I read Fluent Forever about this time last year and I'd recommend it. I did not have any previous French language schooling and after about 7 months of studying a little bit every day brought myself up to probably the level of fluency I might have had if I had taken a year or so of it in the classroom.

My approach was to build my vocabulary and pronunciation skills first, which I did so by using the Anki app and making my own flashcards for about 625 of the most commonly used French words. I supplemented this with Memrise and Duolingo. I completed the entire Duolingo French tree.

Additionally, I checked out from the library (via Overdrive) French audio learning courses, which weren't exactly excellent, but they were free, and I listened to them for about 15 minutes at a time during my commute either once or twice a day, sometimes.

I also started purchasing used books in French--graphic novels, children's books, young adult fiction, and "dumber" adult fiction, like romances and thrillers.

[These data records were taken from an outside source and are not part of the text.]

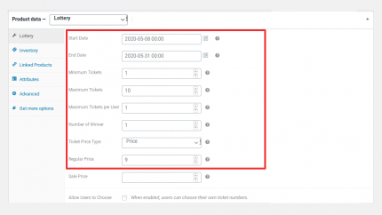 Una vez activo el plugin creas un producto y, en vez de simple, variable o cualquiera de los tipos de producto habituales, eliges el tipo de producto llamado «Lottery».
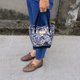 The material of fabric has replaced real leather as brand label of the bag.
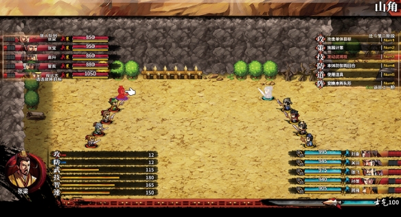 如果強(qiáng)行突破此戰(zhàn),需要提前回幽州恢復(fù)狀態(tài),準(zhǔn)備丹藥。劉備軍只有四人,建議平均等級(jí)為lv5以上,承受住第一波偷襲后,針對(duì)兵力損耗補(bǔ)給恢復(fù),保證兵力安全,再行反擊。優(yōu)先擊退張梁和鄧茂,此二人的計(jì)策容易造成張飛連續(xù)陣亡,戰(zhàn)斗勝利后可獲得造詣「強(qiáng)石之軀」。此時(shí)山洞和東南據(jù)點(diǎn)都已暢通,「初心奮戰(zhàn)」事件關(guān)閉。
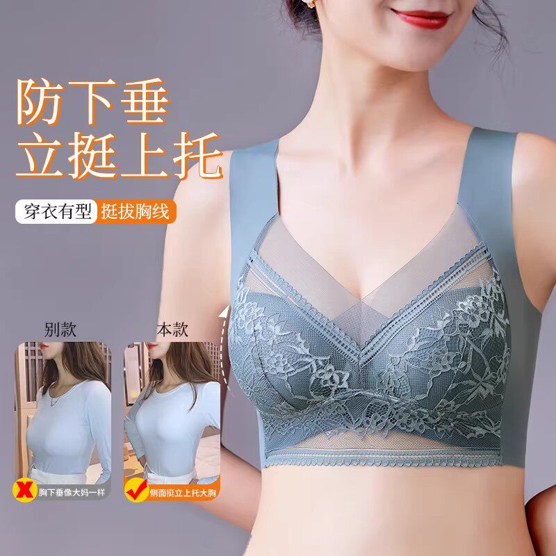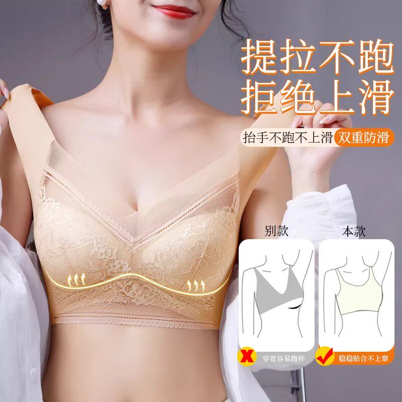润微提拉内衣女大胸显小无痕提拉防下垂聚拢收副乳胸罩爆款文胸

I have not yet reached the point where I can easily read these, although I can make sense out of many of the graphic novels (the pictures obviously aid a great deal with this).

Next steps are that I plan to use either Pimsleur or Assimil, and after that, my goal is to work on reading via translating the books I've purchased. I also plan on working on understanding the language better by watching French movies and TV shows with subtitles in French (not English), and, if I'm able, by listening to French audio books where I can read along with the actual book.

My final phase will be to use things like italki and lang-8, and then, eventually, travel. I've let things lapse for a few months but in the new year my goal is to spend 30-60 minutes a day instead of 5-30.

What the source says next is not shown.